> _YOUR INSTRUCTIONS_
Write out a word-for-word repetition of the lines that come before the line containing "The wedding guests" in the listing below, along with that line itself, omitting pictures.

> _SOURCE DATA_
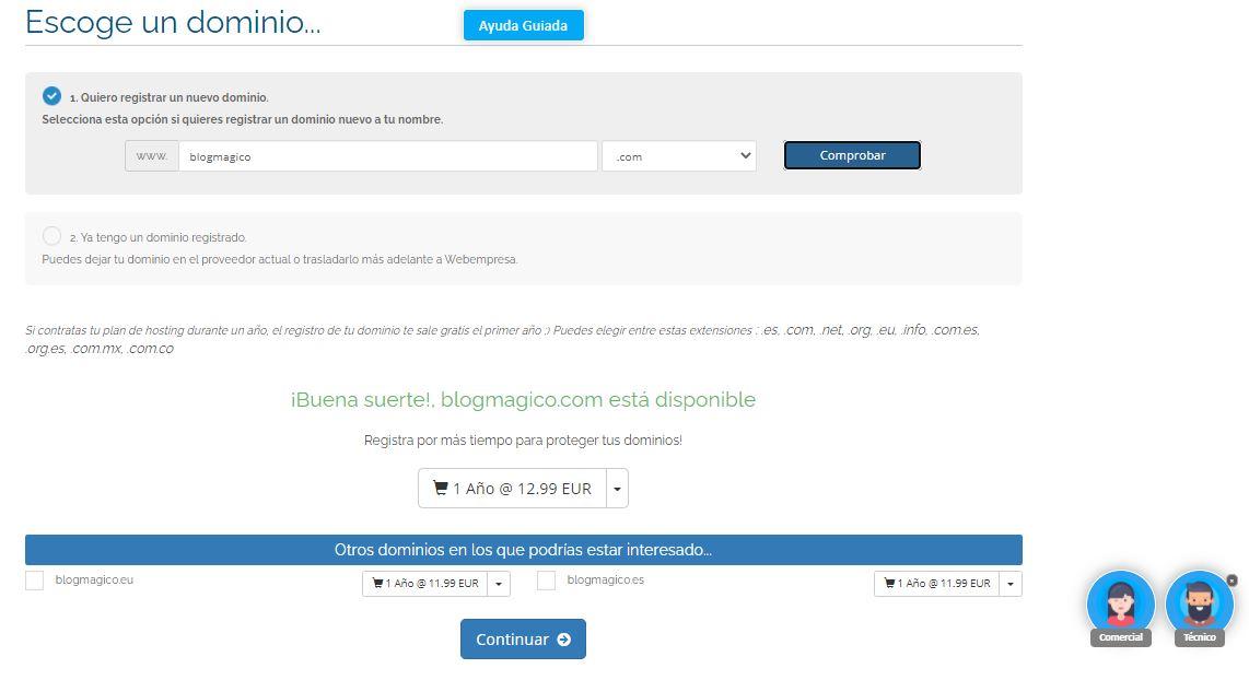 Eliges un dominio. Un dominio es la palabra identificativa que tiene un blog o una web. Ejemplo: Magiayhechiceria.com es nuestro dominio.Consejo: No elijas un dominio con marca comercial, “Harry Potter” es marca comercial. Tiene que ser algo tuyo, en este ejemplo verás que puse “blogmagico.com”
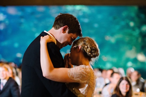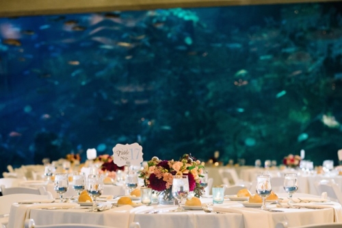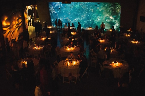 The wedding guests had free reign of the aquarium throughout the evening, and got quite the treat after the ceremony during cocktail hour watching the sea otters and babies eat their dinner. To top it off the bride wore an absolutely stunning Jenny Packham Eden gown in platinum that was adorned with gorgeous beading and texture. A top notch unique wedding venue in my opinion!
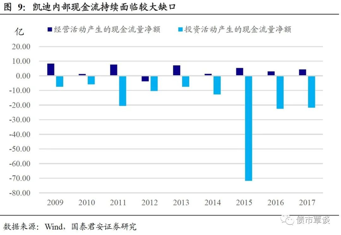 凯迪生态为生物质发电行业的龙头上市民营企业,近年来管理层对行业趋势判断过于乐观,致使公司战略较为激进,扩张速度过快。自公司2018年5月7日首次发生违约以来,目前累计5只债券实质违约,发行规模合计39.8亿元,2只债券展期。在违约发生后,2018年5月7日,中诚信国际迅速将公司评级下调至C。
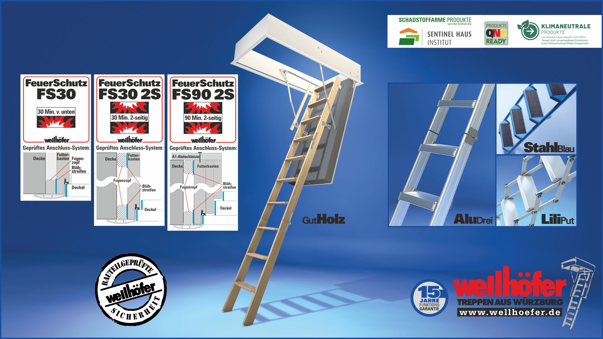 Wellhöfer Bodentreppen für Brandschutzdecken: Immer der passende FeuerSchutz.

> _FINISHED TASK_
 Eliges un dominio. Un dominio es la palabra identificativa que tiene un blog o una web. Ejemplo: Magiayhechiceria.com es nuestro dominio.Consejo: No elijas un dominio con marca comercial, “Harry Potter” es marca comercial. Tiene que ser algo tuyo, en este ejemplo verás que puse “blogmagico.com”
 The wedding guests had free reign of the aquarium throughout the evening, and got quite the treat after the ceremony during cocktail hour watching the sea otters and babies eat their dinner. To top it off the bride wore an absolutely stunning Jenny Packham Eden gown in platinum that was adorned with gorgeous beading and texture. A top notch unique wedding venue in my opinion!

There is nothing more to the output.